» Given material:
--------------------------------------------------

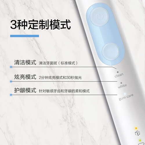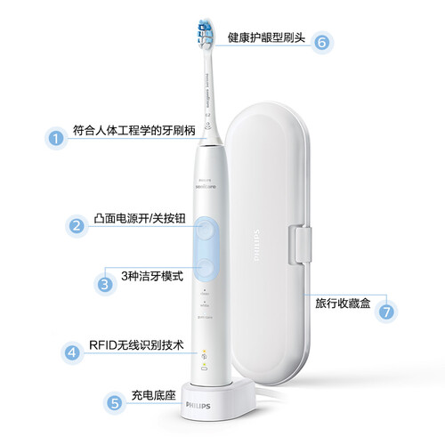 创新流动洁力,多方位清洁牙齿,减少盲区,呵护口腔健康。RFID智能识别技术,智能提醒更换刷头,让刷牙更加有效。
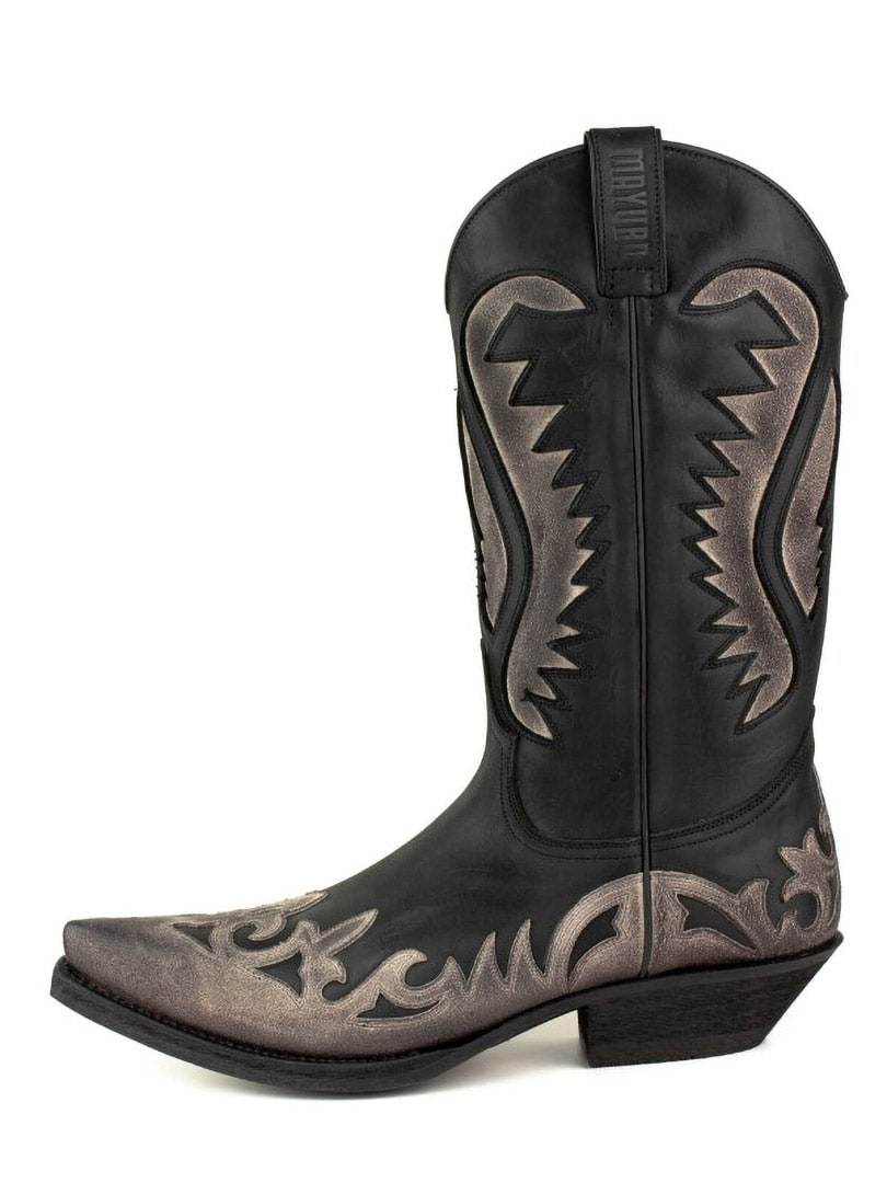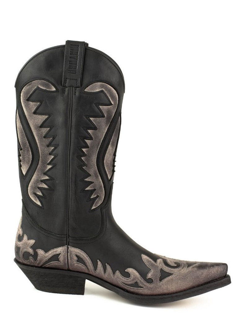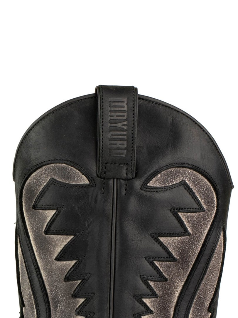 Käsintehdyt cowboy-saappaat rustiikkisesta nahasta.
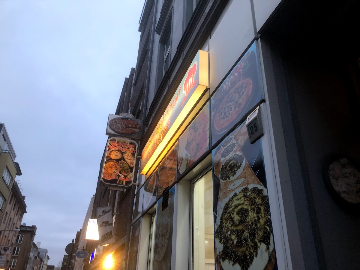 Typical Syrian and eastern food (shawrma) , the food is delicious and the service is perfect , the restaurant works until 11:00 pm which is kind of late in compare to other restaurants in Duisburg Stadtmitte
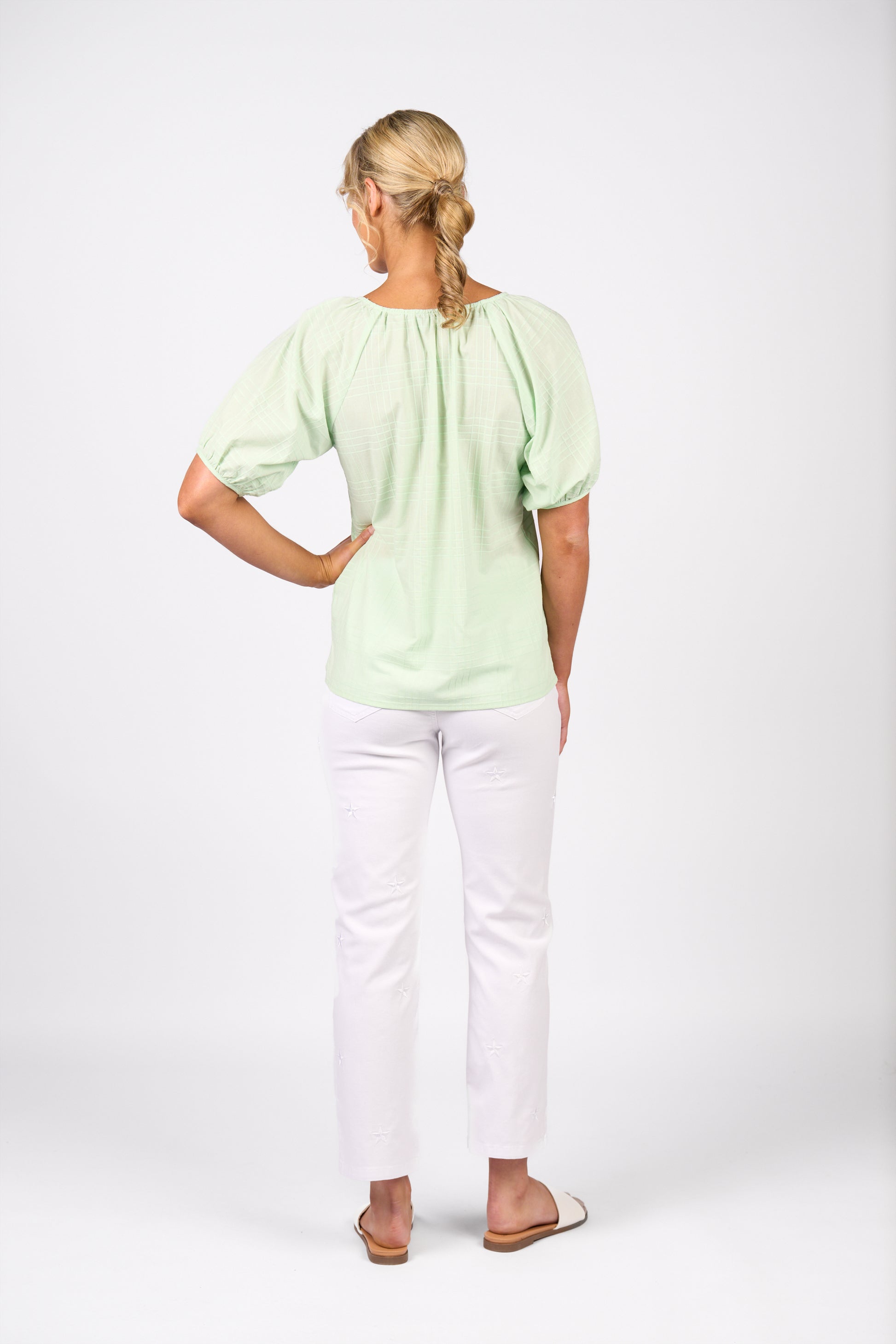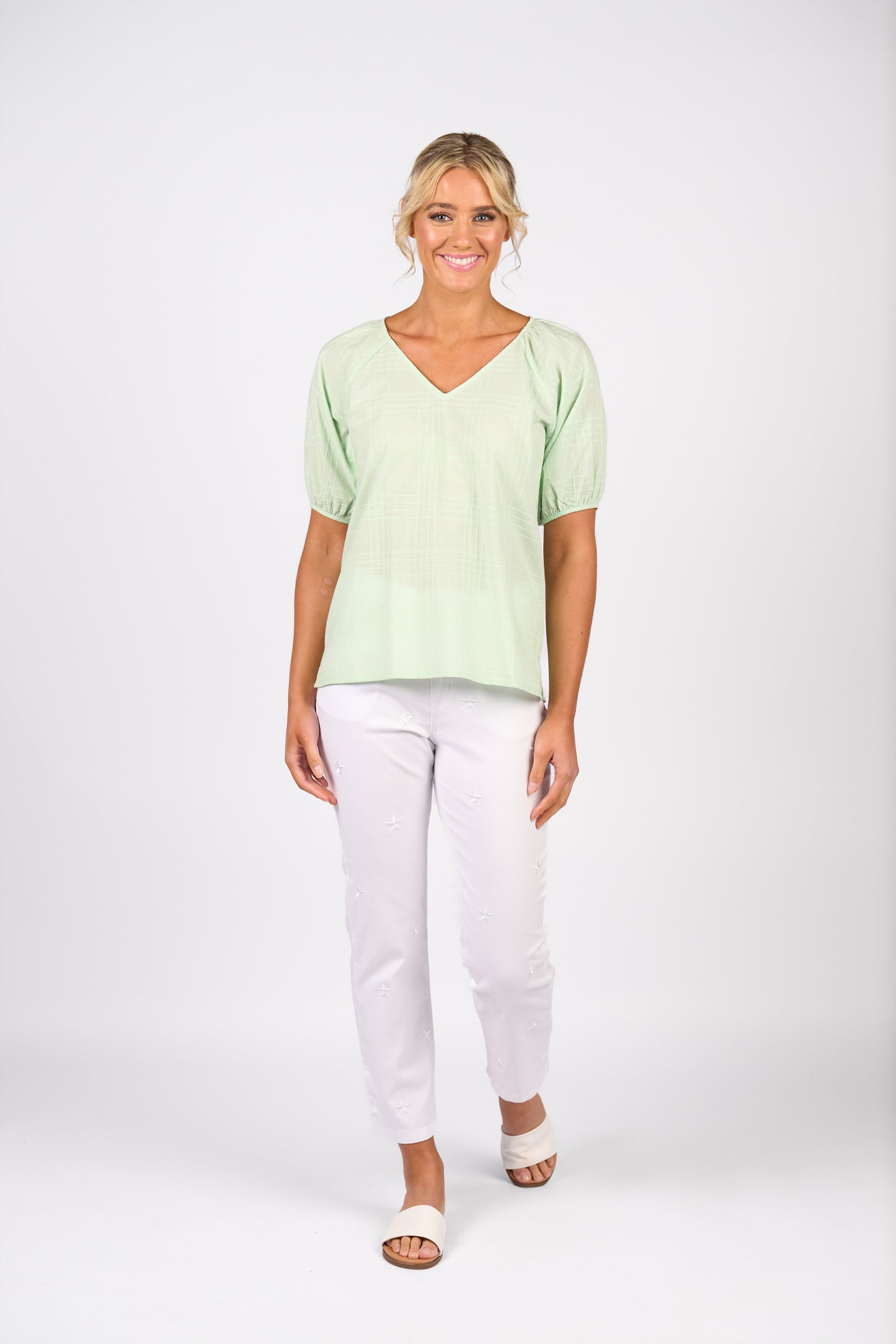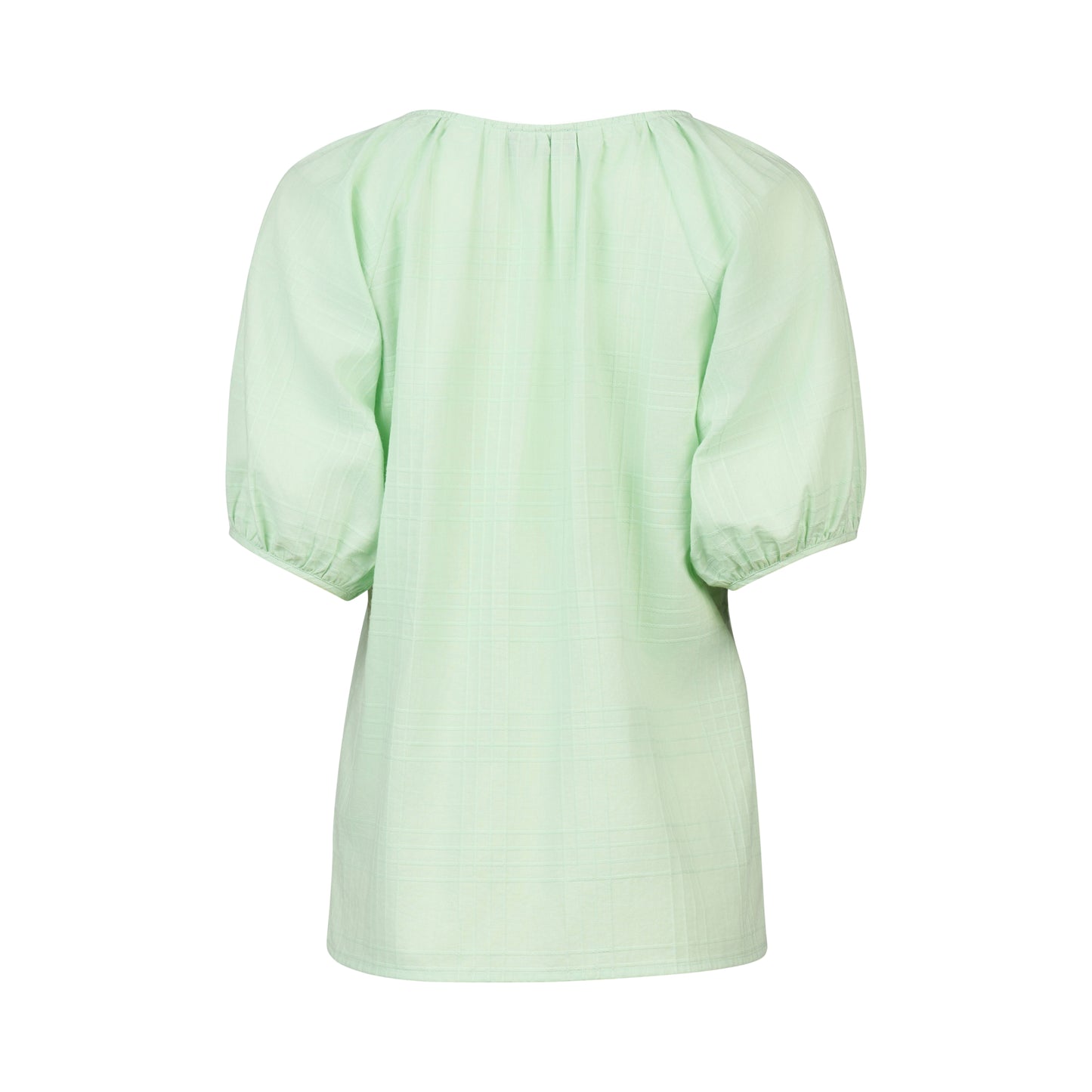 Refresh your wardrobe with the Mint Top by Vassalli, crafted from lightweight 100% cotton with a textured checkered pattern for subtle interest. The relaxed silhouette features a flattering V-neckline and floaty raglan puff sleeves with bound cuffs for a soft, feminine touch.

--------------------------------------------------

» Work to complete:
A verbatim transcription of the listing is expected, with no pictures included.

» Exercise output:
 创新流动洁力,多方位清洁牙齿,减少盲区,呵护口腔健康。RFID智能识别技术,智能提醒更换刷头,让刷牙更加有效。
 Käsintehdyt cowboy-saappaat rustiikkisesta nahasta.
 Typical Syrian and eastern food (shawrma) , the food is delicious and the service is perfect , the restaurant works until 11:00 pm which is kind of late in compare to other restaurants in Duisburg Stadtmitte
 Refresh your wardrobe with the Mint Top by Vassalli, crafted from lightweight 100% cotton with a textured checkered pattern for subtle interest. The relaxed silhouette features a flattering V-neckline and floaty raglan puff sleeves with bound cuffs for a soft, feminine touch.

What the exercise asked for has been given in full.